Understanding seasonal precipitation input into river basins is important for linking large-scale climate drivers with societal water resources and the occurrence of hydrologic hazards such as floods and riverbank erosion. Using satellite data at 0.25-degree resolution, spatial patterns of monsoon (June-July-August-September) precipitation variability between 1983 and 2015 within the Ganges–Brahmaputra–Meghna (GBM) river basin are analyzed with Principal Component (PC) analysis and the first three modes (PC1, PC2 and PC3) are related to global atmospheric-oceanic fields. PC1 explains 88.7% of the variance in monsoonal precipitation and resembles climatology with the center of action over Bangladesh. The eigenvector coefficients show a downward trend consistent with studies reporting a recent decline in monsoon rainfall, but little interannual variability. PC2 explains 2.9% of the variance and shows rainfall maxima to the far western and eastern portions of the basin. PC2 has an apparent decadal cycle and surface and upper-air atmospheric height fields suggest the pattern could be forced by tropical South Atlantic heating and a Rossby wave train stemming from the North Atlantic, consistent with previous studies. Finally, PC3 explains 1.5% of the variance and has high spatial variability. The distribution of precipitation is somewhat zonal, with highest values at the southern border and at the Himalayan ridge. There is strong interannual variability associated with PC3, related to the El Nino/Southern Oscillation (ENSO). Next, we perform a hydroclimatological downscaling, as precipitation attributed to the three PCs was averaged over the Pfafstetter level-04 sub-basins obtained from the World Wildlife Fund (Gland, Switzerland). While PC1 was the principal contributor of rainfall for all sub-basins, PC2 contributed the most to rainfall in the western Ganges sub-basin (4524) and PC3 contributed the most to the rainfall in the northern Brahmaputra (4529). Monsoon rainfall within these two sub-basins were the only ones to show a significant relationship (negative) with ENSO, whereas four of the eight sub-basins had a significant relationship (positive) with sea surface temperature (SST) anomalies in the tropical South Atlantic. This work demonstrates a geographic dependence on climate teleconnections in the GBM that deserves further study. 

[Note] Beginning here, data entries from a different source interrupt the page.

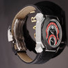Case: Brushed & polished stainless steel case. Black ceramic bezel ring. Crown set with polished black onyx cabochon. Black enameled dial with red enameled sub-dial accents. Polished hands.
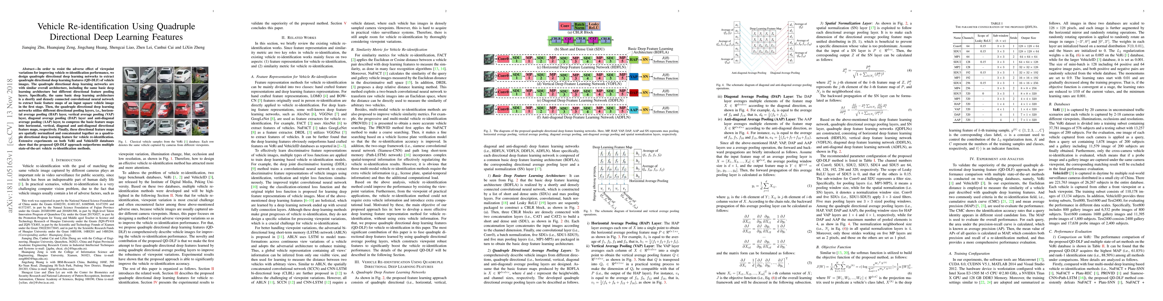 This paper proposes quadruple directional deep learning networks for vehicle re-identification, utilizing different directional pooling layers to extract horizontal, vertical, diagonal, and anti-diagonal features. The method outperforms existing state-of-the-art techniques on VeRi and VehicleID datasets.
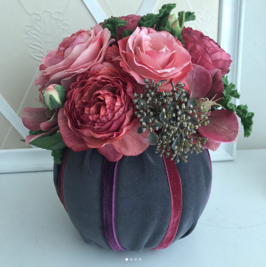 花器はかぼちゃをイメージして…. 花器からつくるアレンジです。
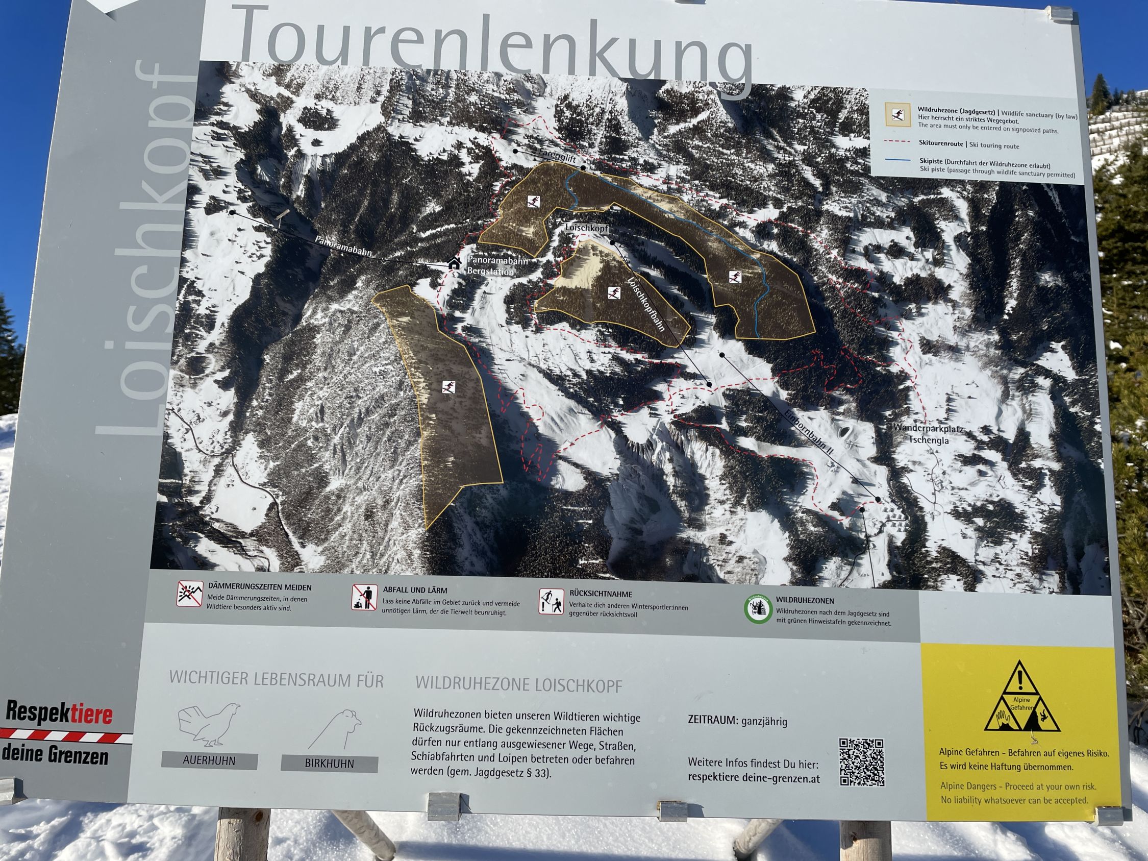 Vom Parkplatz läuft man zur nahen Talstation der Loischkopfbahn. Rechts vom Restaurant Unicorn kann man nach dem Info-Schild über die 3 Skitouren im Gebiet seine Laufgeräte anschnallen. Der Aufstieg erfolgt entsprechend den mit wenigen ockerfarbenen Schildern signalisierten Loischkopf-Tour (Nr. 1.1.). Rechts am Kinderskiplatz vorbei beginnt man links von blau markierter Skipste mit Nr. 23 über eine Schneise durch den Wald südostwärts unsteil hinaufzulaufen, um dann in einer Rechtskurve einen Forstweg zu überqueren und auf die Piste Nr. 23 zu stoßen. Südwärts erreicht man dann den Links-Abzweig der Burtscha-Tour (Skipiste Nr. 21), wo man auf dem Rückweg wieder hierherkommt. Rechtshaltend links von der Skipiste Nr. 23 bleibend passiert man auf einer schrägen und lichten Anhöhe links die Hütte vom Skiclub Bürs und rechts die 1962 gebaute Waiblinger Hütte (Hausnr. Burtscha 1, 1410 m, 50 min.). Hinter ihr sieht man im Westen die Mittelstation der 1,7 km langen Loischkopfbahn. Westwärts nun linksdrehend am Bergrestaurant Fuchsbau (1420 m) beim Antennen-Gittermast links vorbei folgt man nun zur blauen Skipiste Nr. 26. Diese Route mit Nr. 1.1 (Loischkopf-Tour) ist ausgeschildert mit ockerfarbenen Schildern. In südwestliche Richtung folgt man der blau markierten Piste Nr. 26 bis man rechterhand oben die Lawinenverbauungen in ehemaliger Lawinenschneise vom Berg sieht. Ein kleines rundes Schild rechterhand weist auf die Wildruhezone hin, wo ganzjährig nach dem Jagdgesetz ein Betretungsverbot herrscht. Nach der Infotafel über die Tourenlenkung in diesem Gebiet an rechter Seite der Piste weist das ockerfarbene Schild der Loischkopf-Tour 1.1 nach rechts in den Wald hinein. Hier verlässt man die Skipiste Nr. 26 (1 Std.). Durch eine unscheinbare Waldschneise steigt man maximal 22° steil auf und trifft auf einen Forstweg. Dort schlägt man rechts ein, verlässt aber nach 8 m diesen wieder nach links. Der folgende Waldaufstieg ist etwas unübersichtlich und kann ggfs. Schneearm sein. Bei einer wieder sichtbaren Waldschneise trifft man wieder auf das Schildchen zur Wildruhezone und das Routenschild 1.1 mit Pfeil nach links. Vor dem Wildruhegebiet biegt man scharf links ab und folgt der zuwachsenden Schneise aufwärts in südwestliche Richtung bis man die rote Skipiste Nr. 21 linkerhand tangiert. Nach rechts abbiegend gelangt man nordwärts zur beginnenden lichten Kuppe und kommt links an oberster dreieckiger Stützverbauung aus Holz vorbei. Nun linkerhand hinauf zur flachen Graskuppe, von wo man ungeahnte Rundum-Panorama-Aussicht hat. Dort stehen eine Panorama-Tafel, sowie 2 Bänke. Von hier sieht man bis zum Bodensee im Norden, das Große Walsertal im Osten, rechts davon das Klostertal vorm Arlberg und zu den südlichen Gipfeln des Montafons mit markanter Zimba, sowie im Süden die Staumauer vom Lünersee, der Schesaplana und den Oberzalimkopf rechts dahinter, wie auch die Kirchlispitzen, den Seekopf und Zirmenkopf rechts davon. Im Nordwesten blickt man auf nahen Tuklar, Alpilakopf, Schillerkopf und Mondspitze (v.l.n.r.). Ein altes Holzkreuz steht zwischen dem Gipfel und der 1800 m hohen Bergstation der Loischkopfbahn (55 min.).
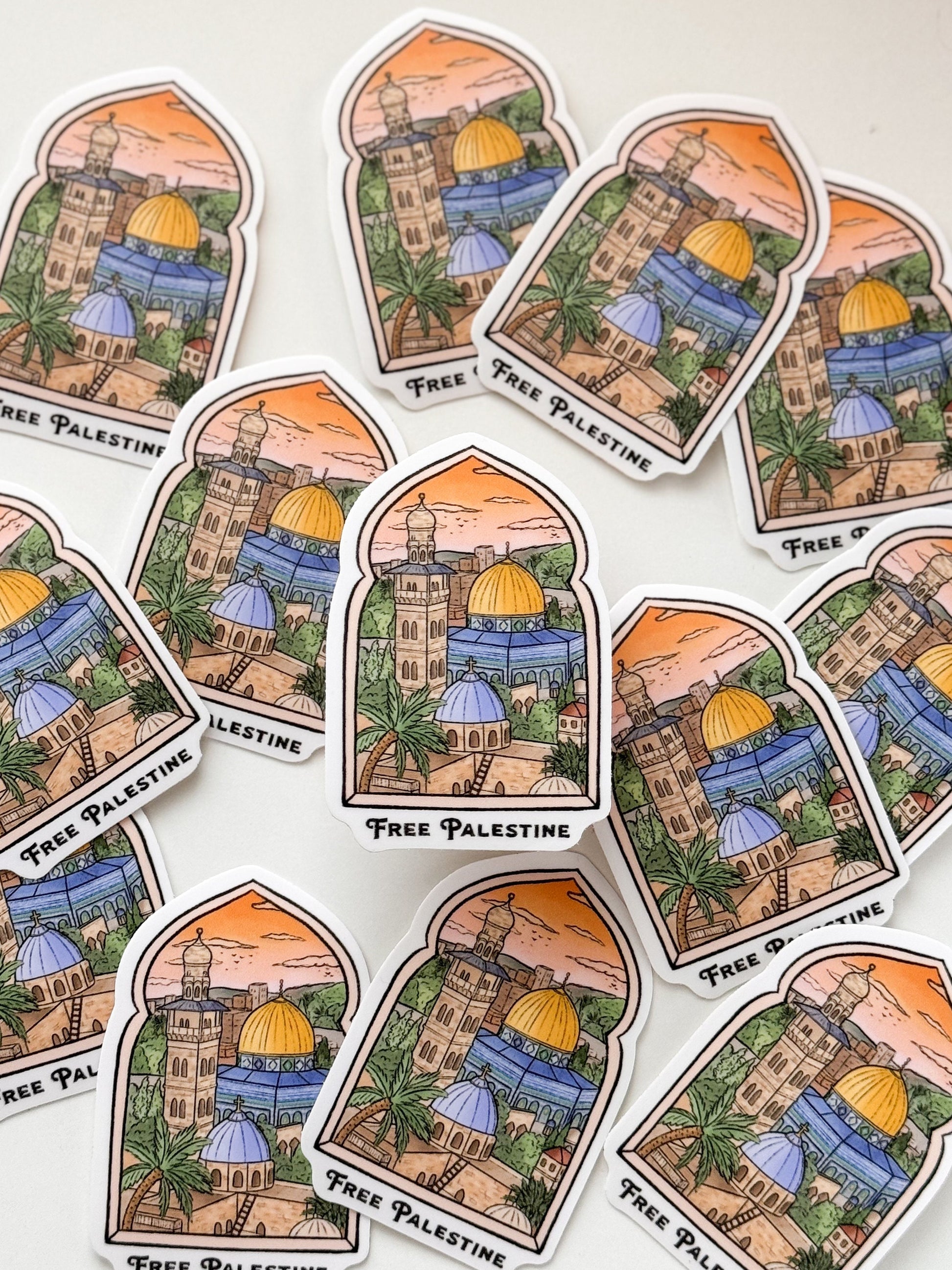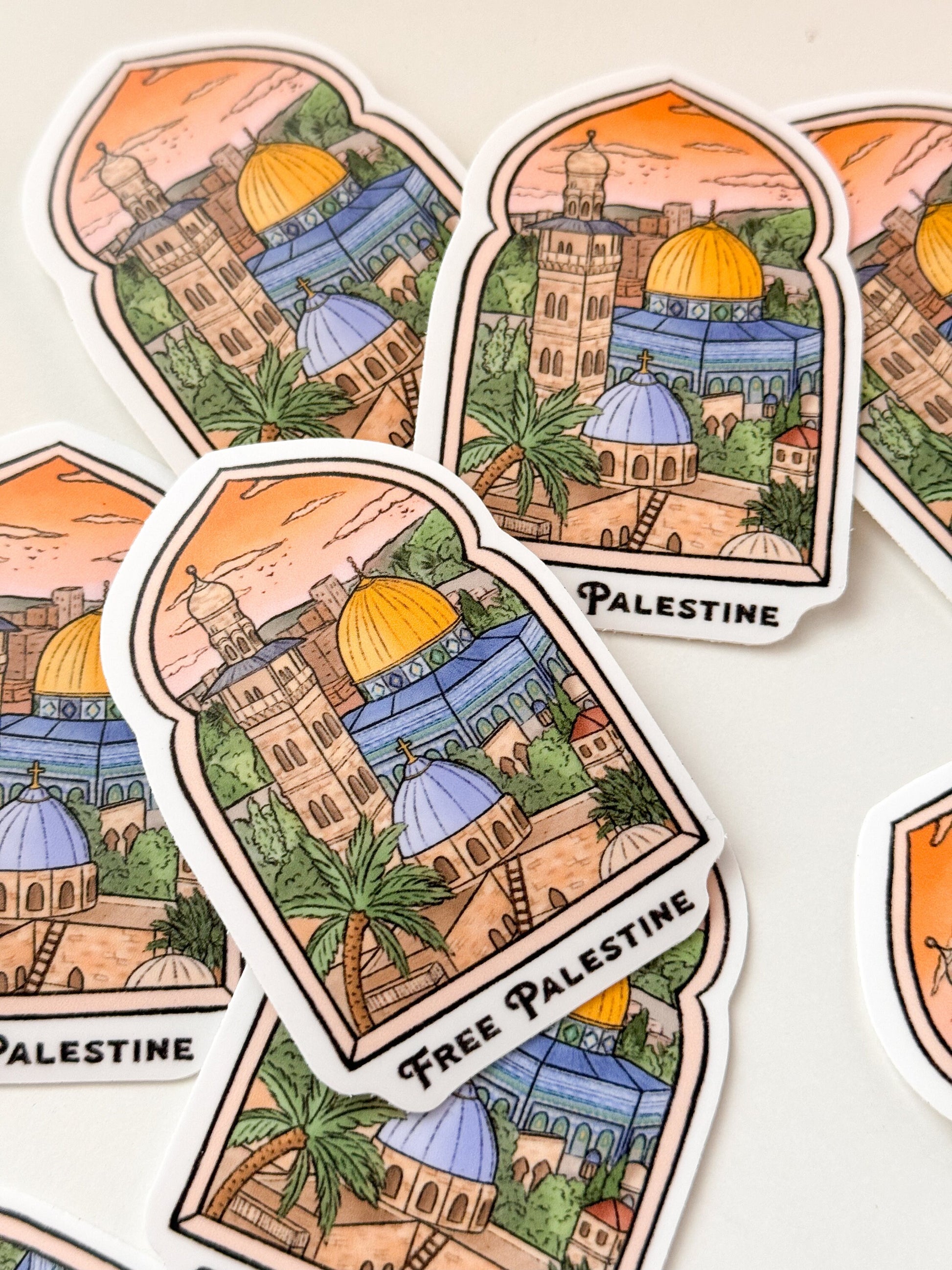 This is vibrant and detailed sticker of Jerusalem, featuring both the Church of the Holy Sepulchre and Masjid Al-Aqsa, nestled between lush greenery and palm trees. This sticker is perfect to add to your laptop, journal, and even water bottle to show your solidarity with Palestine.

A recently funded US National Science Foundation project seeks to investigate monsoon variability within the Ganges-Brahmaputra-Meghna (GBM) river basin as a potential predictor for annual shoreline erosion rates in the lower coastal delta region. Many previous studies have examined the interannual variability of South Asian precipitation either within political boundaries or across large spans of latitudes and longitudes, but few have taken a more hydrologic approach by analyzing the atmospheric-oceanic forcings that lead to precipitation falling only within the GBM basin. The temporal climate patterns would likely be different from previous studies and are hypothesized to have a more direct effect on outlet discharge and erosion rates. In the present study, mean monsoon precipitation (June-July-August-September) for the 2,309 0.25° grid boxes of the Precipitation Estimation from Remotely Sensed Information using Artificial Neural Networks-Climate Data Record (PERSIANN-CDR) was extracted using geospatial methods. A Principal Component (PC) analysis was performed over the period 1983 to 2015. The first PC explains 88.7% of the variance and resembles climatology with the center of action over Bangladesh. The eigenvector shows a downward trend consistent with studies reporting a recent decline in monsoon rainfall. The second PC explains 2.9% of the variance and concentrates rainfall in the western portion of the basin. The 2nd component has greater temporal variability than the 1st component and an apparent decadal cycle. An analysis of global precipitation indicates that the rainfall patterns obtained within the GBM are localized. Surface and upper-air atmospheric height fields suggest the 2nd PC pattern is forced by a Rossby wave train stemming from the North Atlantic.